The internet is having a weird influence on hardcore. Every day, thousands of kids who weren’t even old enough to be in kindergarten when I first started going to shows are scouring the internet for the most obscure shit no one in hardcore cared about at the time, and forming revivals around that sound. For example, never in a million fucking years would I have imagined an 18 year old kid in 2014 being a connoisseur of Crown of Thornz.
The odd thing though is there is a funny dark spot in this phenomenon roughly around 1998-2003. I don’t know why. Maybe it’s because there hasn’t been enough time for nostalgia to set in; maybe this period of time hasn’t been mythologized yet; or maybe it’s just unfortunate that it happened to occur during the Web 1.0 days and documentation of this period is not well known because who the fuck wants to comb through poorly edited video tape transfers of 240p live clips of these bands on youtube.

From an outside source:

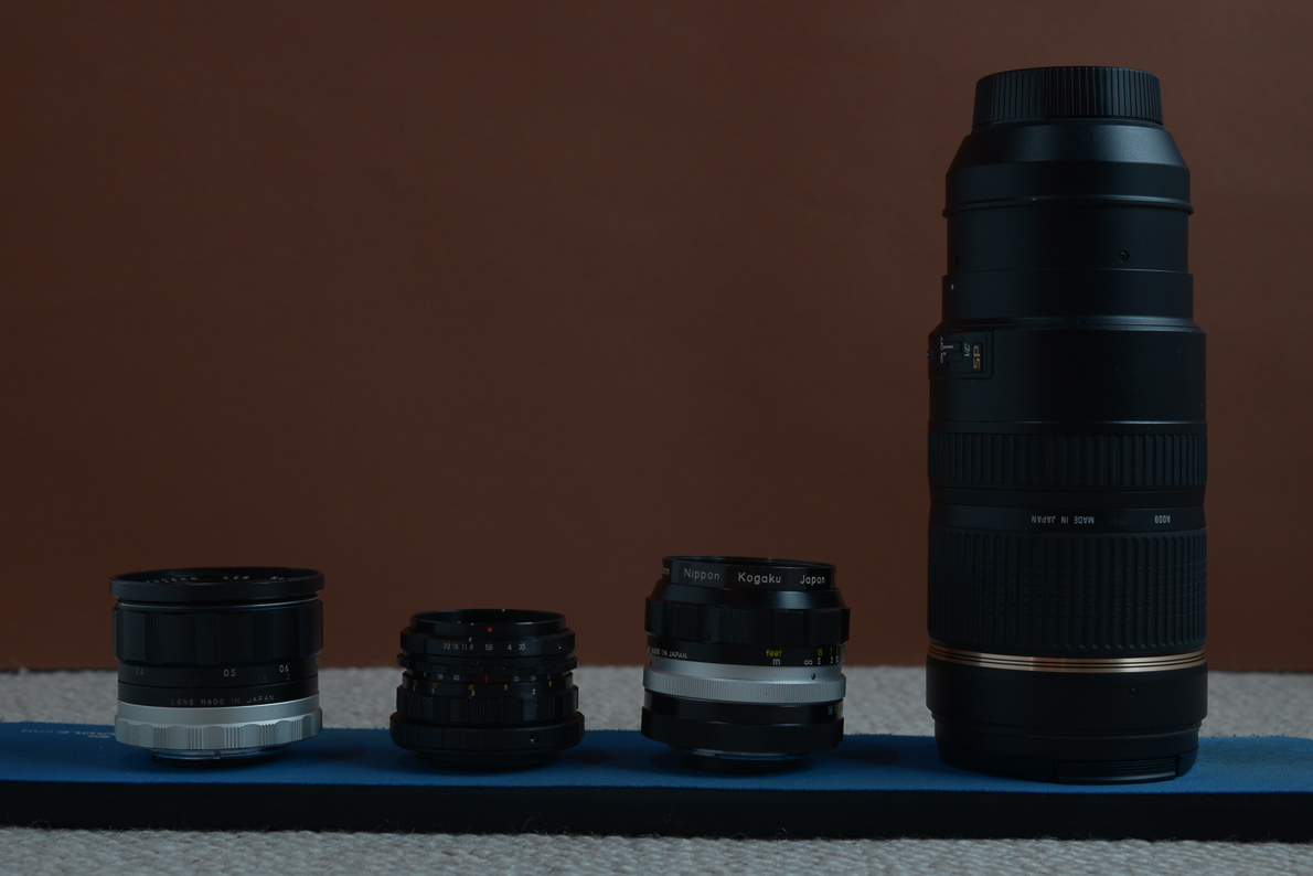 Hier ein Größenvergleich, von links Soligor 28/2,8, dann dieses Soligor 35/3,5, daneben Nikkor 35/2 und als letzten das Tamron 70-200/2,8.

The lone exception to this seems to be screamo, which had its vocal and sperg-level precise documentarians, and thus survived relatively in tact. I suspect screamo had the benefit of having a certain appeal to a wider audience because HURR DURR, IT’S ABOUT GUURLZ.
Today, I want to aware you on sass.
Sass was an extremely short-lived style of hardcore, lasting perhaps, at peak, two to four years. It was roughly contemporary with the classic screamo era (late 90s/early 2000s), it wasn’t uncommon for sass and screamo bands to play the same shows, it came with an easily identifiable and fashionable visual esthetic, and it was wildly fun (for those of us who liked fun).
Sass was all about tight pants, pink, snotty attitudes, sweaty dance parties, keyboards, androgynous Asian band members, and explicit homoeroticism. Hardcore for the angry skinny boys full of sexual tension and a great collection of skinny ties and thrift store slim-fit suit jackets before those were even a thing that cool people wore.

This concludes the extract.